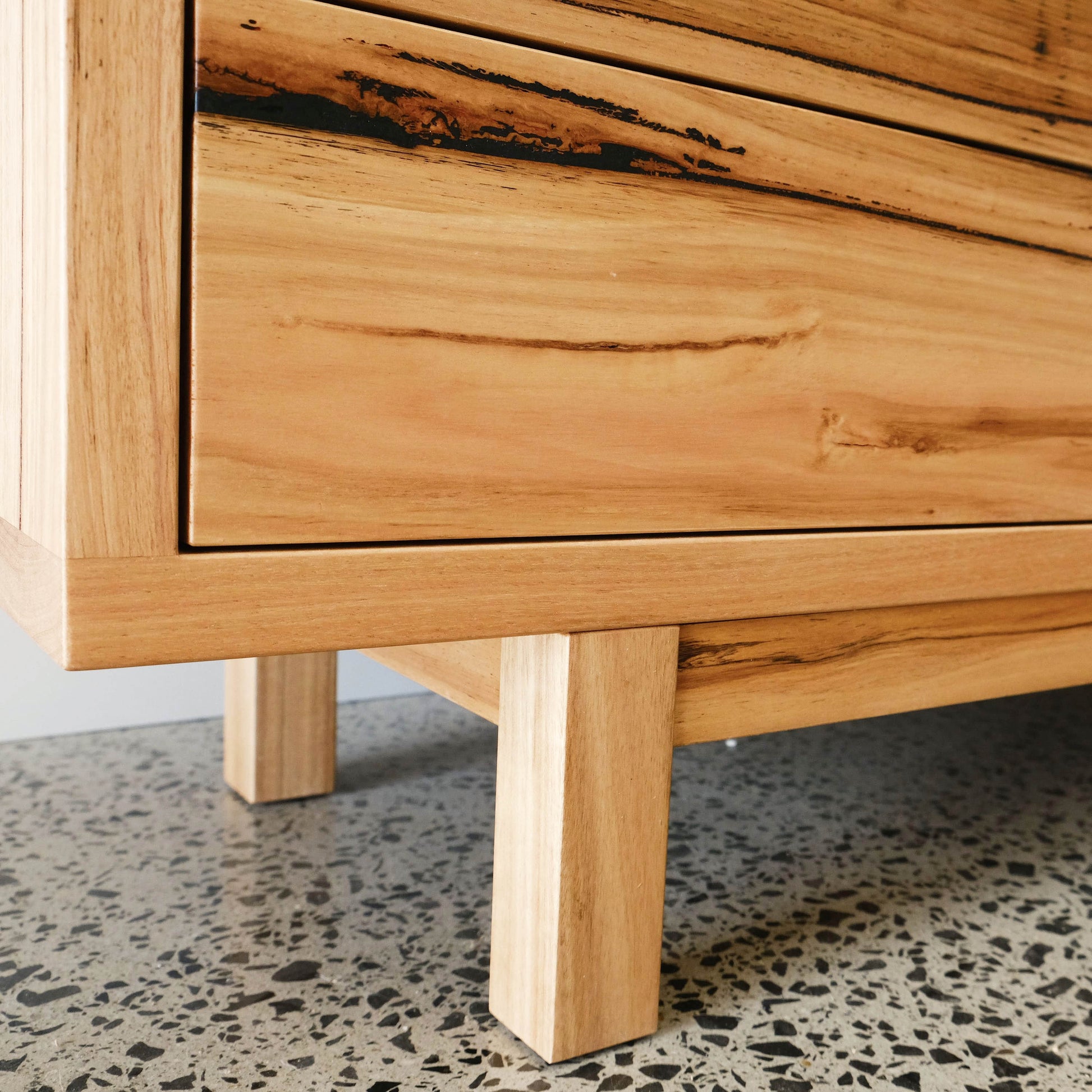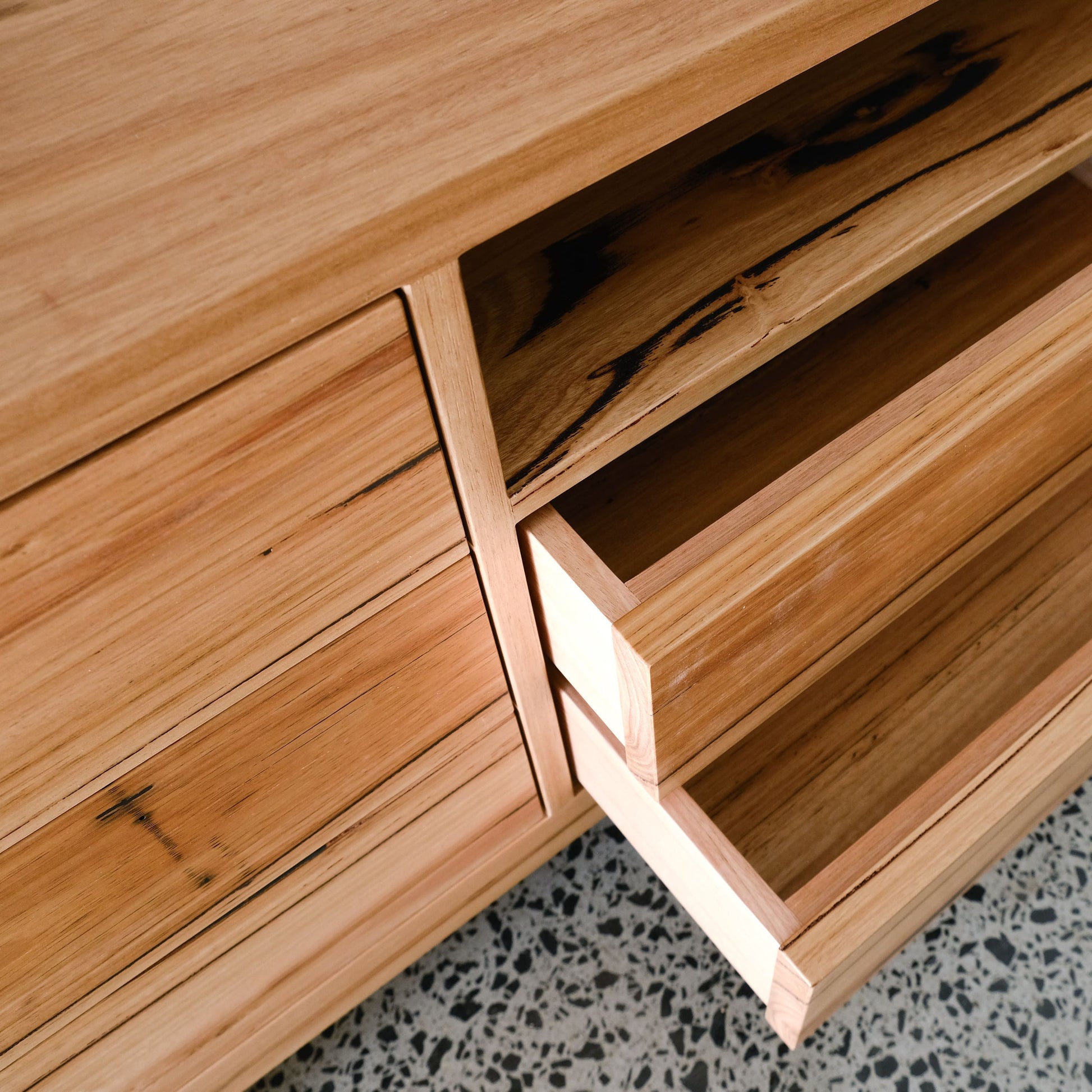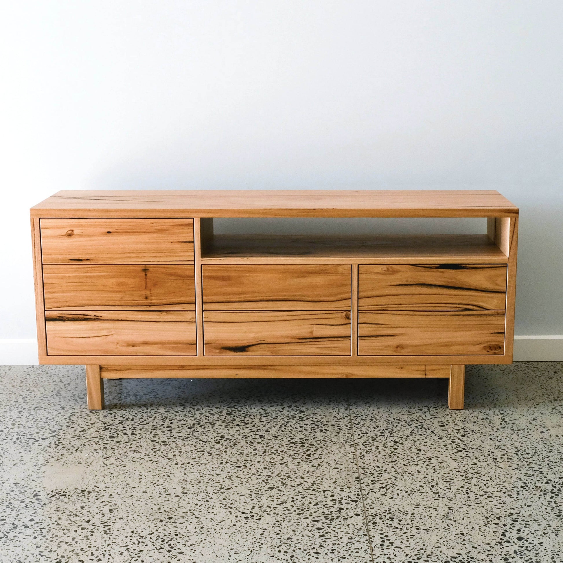 The Heathcote entertainment unit brings clean, straight-lined simplicity to your living room with practical storage that lets the natural beauty of timber take centre stage. This solid timber entertainment unit features an open shelf for media equipment plus heaps of push-to-open drawers that maintain the unit's uncluttered aesthetic. Handcrafted from Wormy Chestnut, the piece showcases distinctive dark grain lines and natural character markings unique to this Australian eucalyptus timber.
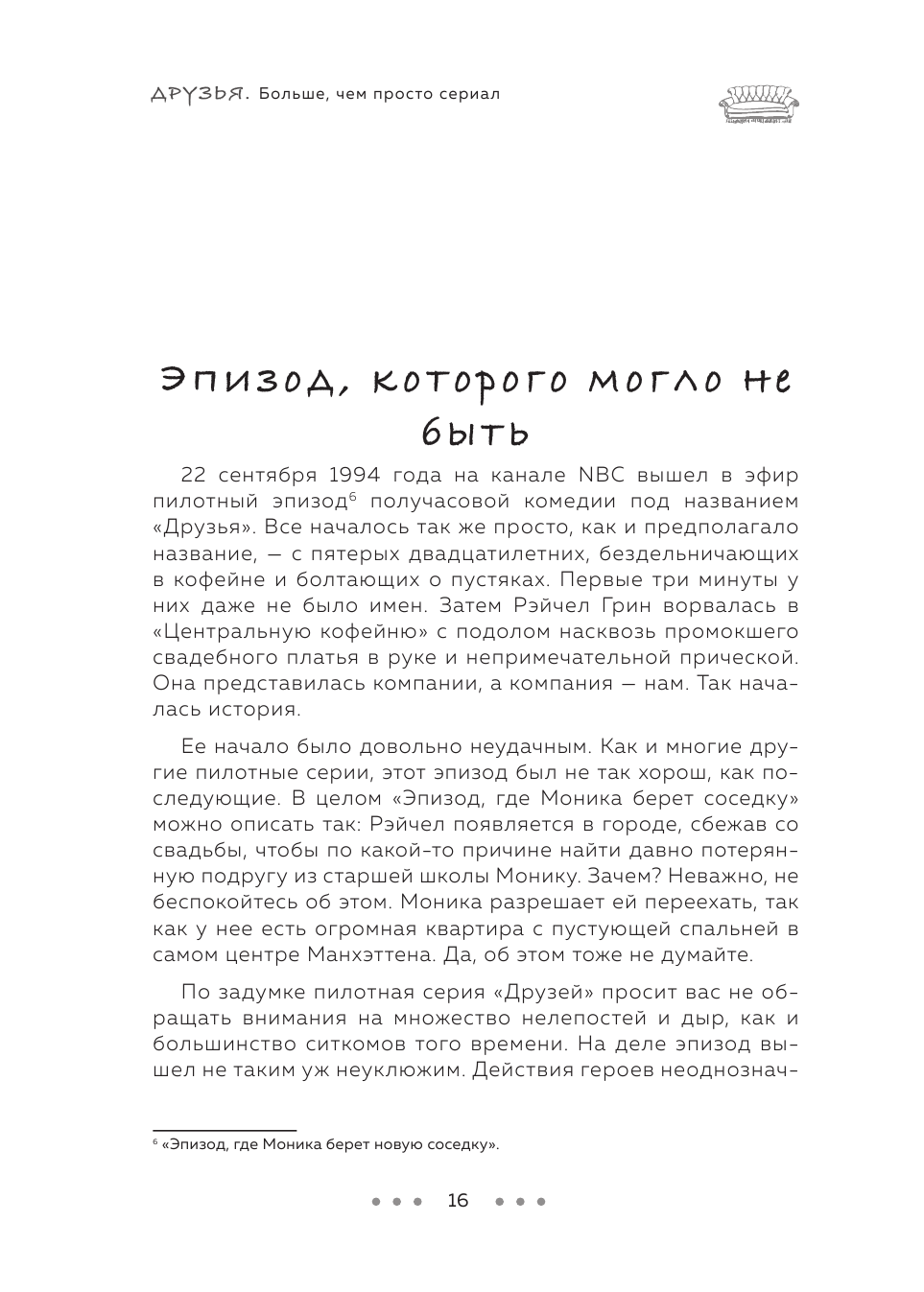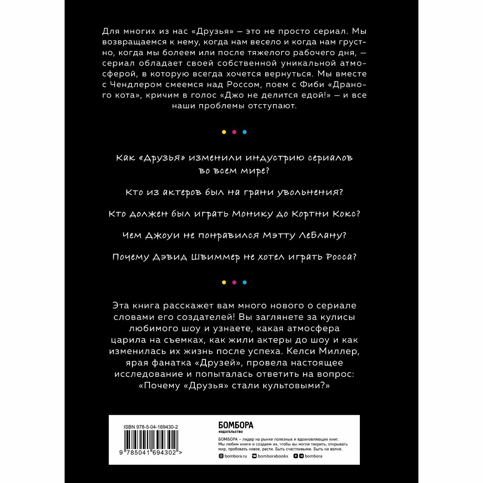 Если вы пересмотрели все сезоны столько раз, что знаете наизусть не только "Драного кота" и шутки про "Росса-разводилу", эта книга точно для вас. Это больше, чем просто рассказ о съемках и интересных фактах, это - самое настоящее исследование популярности сериала. Как ему удалось так долго продержаться на экранах? Как он смог стать частью каждого из нас и сделать почти каждого жителя планеты чуть ближе друг к другу? Ответ прост - авторам удалось создать шестерых друзей для каждого из нас. Мы возвращаемся к сериалу, когда нам весело и когда нам грустно, когда мы болеем или после тяжелого рабочего дня, - сериал обладает своей собственной уникальной атмосферой, в которую всегда хочется вернуться. И эта книга расскажет вам чуть больше о создании сериала словами его создателей! Автор берет вас с собой за кулисы вашего любимого шоу и рассказывает то, о чем вы раньше не знали и, может, даже не задумывались.
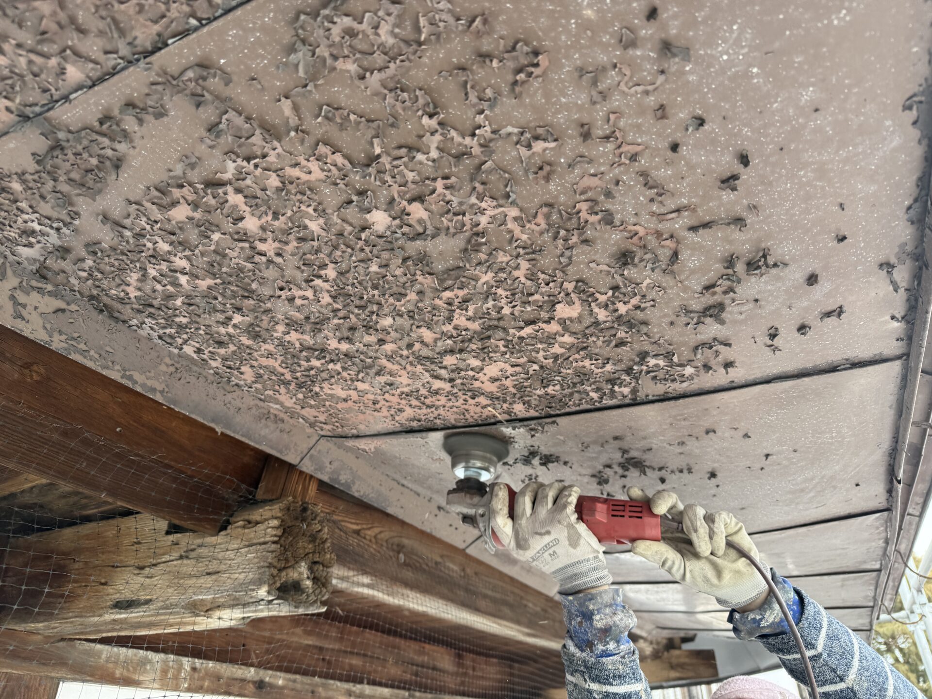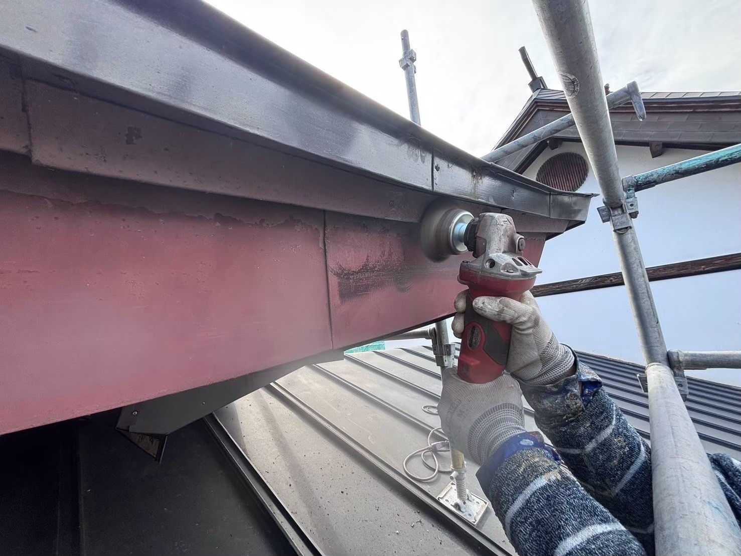 剥がれとサビを手作業で研磨し、サビの発生を止めるサビシャットを塗布。
· · · · ·
## Exercise directions
Reproduce the material word for word. Any pictures should be left out of the copy.

## Answer to this problem
 The Heathcote entertainment unit brings clean, straight-lined simplicity to your living room with practical storage that lets the natural beauty of timber take centre stage. This solid timber entertainment unit features an open shelf for media equipment plus heaps of push-to-open drawers that maintain the unit's uncluttered aesthetic. Handcrafted from Wormy Chestnut, the piece showcases distinctive dark grain lines and natural character markings unique to this Australian eucalyptus timber.
 Если вы пересмотрели все сезоны столько раз, что знаете наизусть не только "Драного кота" и шутки про "Росса-разводилу", эта книга точно для вас. Это больше, чем просто рассказ о съемках и интересных фактах, это - самое настоящее исследование популярности сериала. Как ему удалось так долго продержаться на экранах? Как он смог стать частью каждого из нас и сделать почти каждого жителя планеты чуть ближе друг к другу? Ответ прост - авторам удалось создать шестерых друзей для каждого из нас. Мы возвращаемся к сериалу, когда нам весело и когда нам грустно, когда мы болеем или после тяжелого рабочего дня, - сериал обладает своей собственной уникальной атмосферой, в которую всегда хочется вернуться. И эта книга расскажет вам чуть больше о создании сериала словами его создателей! Автор берет вас с собой за кулисы вашего любимого шоу и рассказывает то, о чем вы раньше не знали и, может, даже не задумывались.
 剥がれとサビを手作業で研磨し、サビの発生を止めるサビシャットを塗布。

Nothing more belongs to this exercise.